What's all that shit all over your keyboard? It looks like you just shot a pigeon.


----------



## synthpunk (Aug 7, 2016)

your a crazy mofo! 

ps Is it ok to ask where the real studio in first shot is ?


----------



## SymphonicSamples (Aug 7, 2016)

See the problem I find with videos like this is, even though you give us a taste of all the studio magic you don't share the trade secrets like dimensions, brand of monitors, all the finer details one would require when trying to emulate such a setup, hell even Junkie XL is kind enough to share a lot of those details. But I guess there still needs to be some magic left in the music business and for that I salute you Jono


----------



## InLight-Tone (Aug 7, 2016)

Now we get to see where all that money you've been spending is going, I can "smell" the success!


----------



## dgburns (Aug 7, 2016)

You forgot to mention the biggest innovation you created-

Variable outdoor sonic accoustic environment ,the single greatest way to eliminate those pesky room nodes.And even though you have the minor issue of weather to deal with,most delicate sophisticated electronic pro audio equipment,such as your lovely collection,is most likely engineered to withstand even the largest typhoon.Looks like your gear has already seen a few encounters with said weather.


----------



## jononotbono (Aug 7, 2016)

synthpunk said:


> your a crazy mofo!
> 
> ps Is it ok to ask where the real studio in first shot is ?



Currently my interior Music Lab is on the Isle of Wight!


----------



## synthpunk (Aug 7, 2016)

video/pix for inspiration please ?



jononotbono said:


> Currently my interior Music Lab is on the Isle of Wight!


----------



## jononotbono (Aug 7, 2016)

Sure thing man! I can make a short video soon! I just have a couple of hectic music deadlines to meet in the following week and I'll see what I can rustle up.
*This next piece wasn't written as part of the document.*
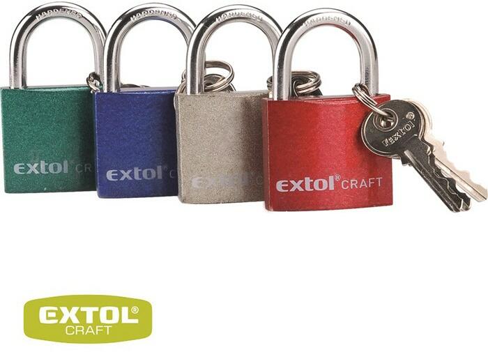 Biztonsági vas lakat Edzett acél csap Extol Craft biztonsági vas lakat edzett acél csappal. Különféle színekben. Kulcs használata nélkül, kattintással zárható.

A great excuse to have a play around with Final Cut!


----------



## Lode_Runner (Aug 7, 2016)

This is what happens when you've spent all your money on sample libraries


----------



## Rex282 (Aug 7, 2016)

My only question about your most excellent rig is the viewing window shards sharp enough to puncture a pigeon neck in case you want a a bit of a gnosh.All in all quite nice..carry on...


----------



## SymphonicSamples (Aug 7, 2016)

Jono, it's not normally within my natural to be critical of someones hard work and efforts, but if I could just point out your right monitors slightly is off axis by about 5 degrees, by adjusting this your stereo image will be greatly enhanced and I'm certain your clients will notice this also. And if I could be so bold as to suggest a superb ergonomic studio chair that may fit nicely with your current setup. I hope you don't mind the suggestions, after all it's VI Control man, musicians helping musicians


----------



## Rex282 (Aug 7, 2016)

SymphonicSamples said:


>



I got a chair just like that from Ikea......LOVE IT!!


----------



## jononotbono (Aug 8, 2016)

It's a perfect collaboration coming on!


----------



## synthpunk (Aug 8, 2016)

I think I may sell my Herman Miller's for this one.



Rex282 said:


> I got a chair just like that from Ikea......LOVE IT!!


----------



## Zhao Shen (Aug 8, 2016)

Man, you sure spoiled yourself with the studio gear. Show some restraint, it helps to not buy every new piece of gear that comes out...


----------



## GonzoFB (Aug 14, 2016)

But isn't that why the Lord blessed us with credit cards? No? Whoops, my bad!!


----------